Como a linguagem transforma experiências em memórias?

A linguagem ajuda a transformar experiências vividas em memórias autobiográficas organizadas, porque fornece narrativa, tempo, personagens e sentido pessoal. Lembrar não consiste apenas em conservar uma imagem ou uma sensação: envolve entender quem participou, qual foi a sequência dos fatos, onde o episódio se encaixa e quem éramos naquele contexto. Bebês conseguem aprender e reconhecer, mas ainda não dominam as ferramentas narrativas usadas posteriormente para reconstruir o próprio passado.

As conversas familiares fazem diferença nesse processo. Uma meta-análise publicada em 2019, reunindo 34 estudos, encontrou evidências fortes de que diálogos mais elaborados sobre acontecimentos — com perguntas abertas e detalhes acrescentados pelos pais — estão associados a memórias pessoais mais detalhadas, tanto na infância quanto depois. Isso não significa que adultos possam fabricar lembranças confiáveis apenas repetindo histórias antigas. Significa que falar sobre o passado oferece uma estrutura para codificar, organizar e recuperar experiências. A família funciona, nesse caso, como uma espécie de sistema de indexação distribuído, só que com mais opiniões e menos documentação.

Por que cultura e família mudam a idade das primeiras lembranças?

A idade das primeiras lembranças varia entre culturas porque as famílias ensinam, de maneiras diferentes, como narrar o passado e situar o indivíduo nele. Pesquisas da psicóloga Qi Wang, da Universidade Cornell, indicam que estadunidenses relatam a primeira memória por volta dos três anos e meio, aproximadamente seis meses antes dos chineses. Nos relatos estadunidenses, as lembranças tendem a ser mais centradas no indivíduo e emocionalmente elaboradas; nos chineses, aparecem mais atividades coletivas e rotinas gerais.

As diferenças também surgem dentro de uma mesma sociedade. Primogênitos costumam relatar lembranças mais antigas do que filhos nascidos depois, e estudos apontam associações com estilos de apego. Um estudo com 90 jovens adultos italianos observou que participantes criados em famílias extensas relatavam memórias autobiográficas mais precoces e numerosas do que aqueles criados em famílias nucleares.
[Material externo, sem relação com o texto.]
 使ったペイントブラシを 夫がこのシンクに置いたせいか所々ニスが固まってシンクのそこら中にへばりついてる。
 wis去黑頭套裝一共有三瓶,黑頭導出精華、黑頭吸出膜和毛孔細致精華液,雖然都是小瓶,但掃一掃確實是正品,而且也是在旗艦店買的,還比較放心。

A hipótese é direta: mais parentes significam mais pessoas contando e recontando episódios do passado. Memória, nesse sentido, não é apenas propriedade privada do cérebro; também é uma prática social, transmitida em conversas, refeições e versões familiares que raramente concordam nos detalhes.

As memórias da primeira infância são apagadas ou ficam inacessíveis?
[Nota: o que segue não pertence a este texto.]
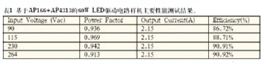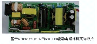 AP1661是一款工作于臨界導(dǎo)通模式下的有源功率因數(shù)校正控制芯片,可廣泛應(yīng)用于開關(guān)電源、LED驅(qū)動和電子鎮(zhèn)流器的預(yù)調(diào)整變換器控制。該芯 片內(nèi)部包括1個啟動定時器可滿足待機應(yīng)用要求,1個能實現(xiàn)接近于1的功率因數(shù)的單象限乘法器和1個零電流檢測模塊確保臨界斷續(xù)方式工作。AP1661的圖 騰柱驅(qū)動輸出能夠為外部MOSFET或IGBT提供最大600mA驅(qū)動電流和800mA關(guān)斷電流能力。采用了先進的雙極型互補金屬氧化物半導(dǎo)體設(shè)計和制造 工藝,具有低啟動電流,低工作電流和低功耗的特點。AP1661同時具有完善的保護功能,包括過壓保護、帶有滯后的輸入欠壓鎖定和乘法器輸出嵌位以限制開 關(guān)最大峰值電流。圖7為該方案60W應(yīng)用電路樣機實物照片。圖8為應(yīng)用該方案LED直管燈實物照片。
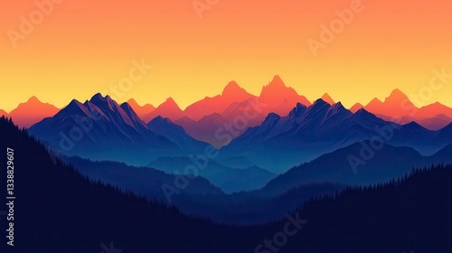 Obraz premium Serene Sunset Over Majestic Mountain Range A Digital Landscape Illustration
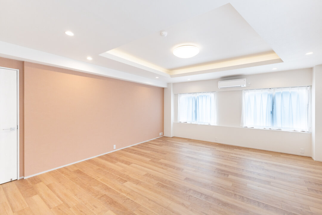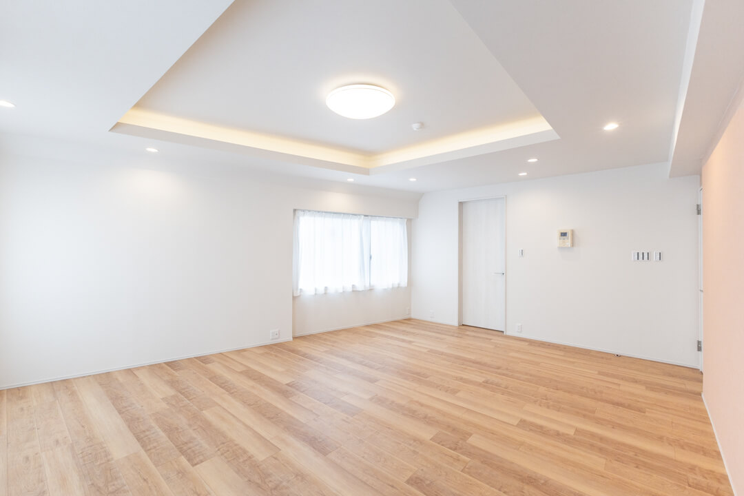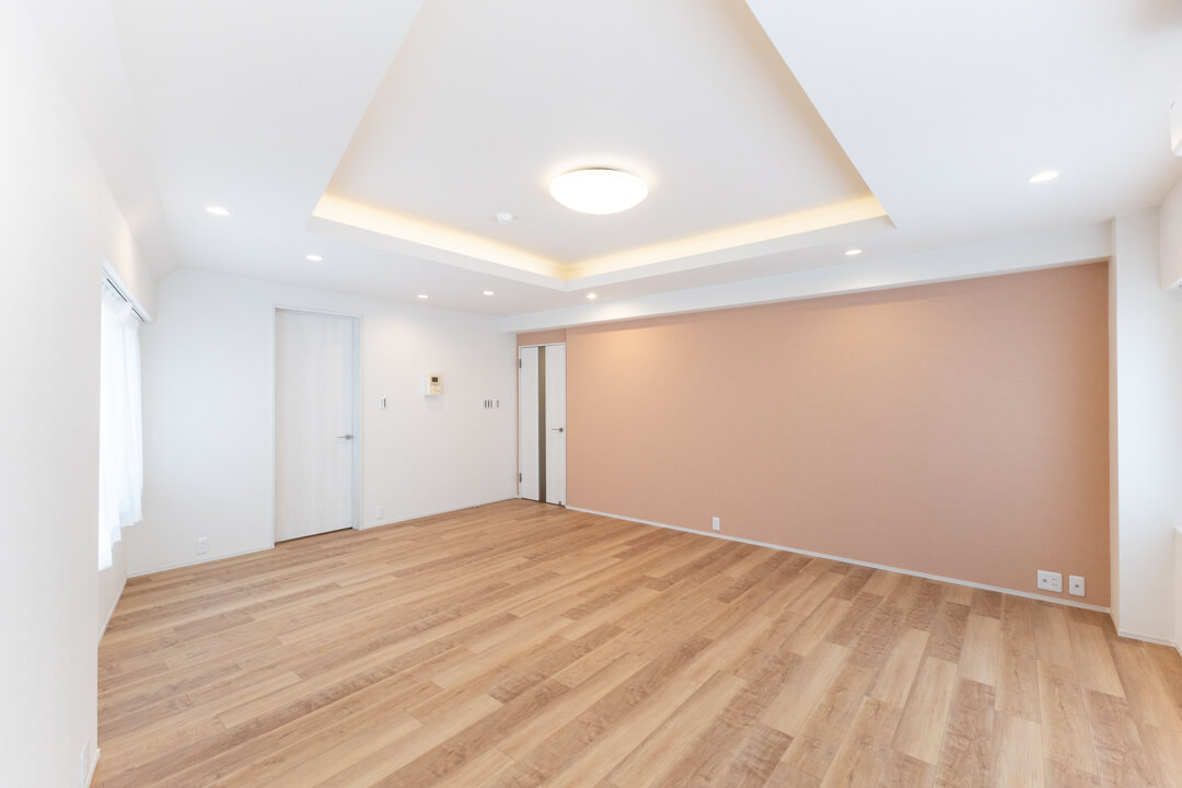 北西2面採光で光と風が抜ける心地よいリビングスペース。白いクロスと木目フローリングのナチュラルな空間に、カラークロスがほどよいアクセントを添えています。折り上げ天井に施された間接照明もポイント。光のグラデーションが陰影を作り出し、落ち着いた雰囲気を演出します。約15帖の空間です。

As evidências mais recentes favorecem a ideia de que memórias são formadas na primeira infância, mas se tornam difíceis de acessar na vida adulta. Em 2025, uma equipe liderada por Nick Turk-Browne, professor de Psicologia da Universidade Yale, estudou 26 bebês entre quatro e 25 meses usando ressonância magnética. Os pesquisadores mostraram fotografias de rostos, brinquedos e cenas; depois, apresentaram a imagem familiar ao lado de outra desconhecida para testar o reconhecimento.
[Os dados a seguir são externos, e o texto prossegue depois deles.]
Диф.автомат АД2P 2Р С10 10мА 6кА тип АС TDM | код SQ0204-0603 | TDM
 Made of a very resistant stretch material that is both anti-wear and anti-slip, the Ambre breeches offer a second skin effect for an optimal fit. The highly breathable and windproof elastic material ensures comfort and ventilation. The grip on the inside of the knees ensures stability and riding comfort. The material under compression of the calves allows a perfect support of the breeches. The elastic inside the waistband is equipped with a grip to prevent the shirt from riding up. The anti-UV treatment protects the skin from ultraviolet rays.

Os bebês demonstraram lembrar informações das imagens, e o hipocampo participou desse processo. O resultado sustenta a hipótese de que o problema central não é a ausência de armazenamento, mas a dificuldade de recuperação posterior. Patricia Bauer, da Emory University, também pesquisa o tema e defende que bebês formam memórias, embora o sistema seja muito frágil. Ela compara a retenção a caminhar sobre uma trave: adultos têm recursos cognitivos para recuperar o equilíbrio; bebês perdem lembranças com perturbações menores. Experimentos com camundongos, nos quais memórias da primeira infância foram ativadas artificialmente, apontam na mesma direção. O passado talvez não tenha sumido. Talvez apenas não possua mais uma porta de entrada.